Add a separate rms_norm_f32_vec4 kernel using float4 (128-bit) vectorized
memory loads/stores. Host-side dispatch routes to the vec4 kernel when
ncols is divisible by 4 and strides are aligned; otherwise falls back to
the original rms_norm_f32 kernel which is completely untouched.
A separate kernel is used instead of a runtime branch inside the existing
kernel to avoid register pressure and instruction cache pollution that
would degrade the scalar path (~22% measured regression with runtime if).

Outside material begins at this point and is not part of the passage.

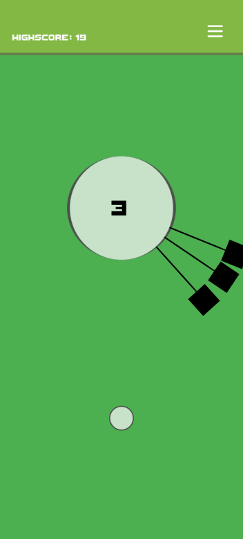 Tippen Sie, um Kegel in einen rotierenden Kreis zu schießen. Treffen Sie jedoch nicht die anderen Kegel!

Performance (A100, nrows=512, test-backend-ops perf, 5-run avg):
[512,512]: 427 -> 624 GB/s (+46%)
[768,512]: 626 -> 850 GB/s (+36%)
[1024,512]: 495 -> 645 GB/s (+30%)
[2048,512]: 911 -> 1171 GB/s (+28%)
[3072,512]: 1220 -> 1490 GB/s (+22%)
[5120,512]: 1668 -> 1815 GB/s (+9%)
Scalar fallback (4097,512): 1476 -> 1471 GB/s (no regression)
Correctness: RMS_NORM 17/17, RMS_NORM_MUL_ADD 30/30,
ADD_RMS_NORM 25/25, RMS_NORM_MUL_ROPE 72/72 passed.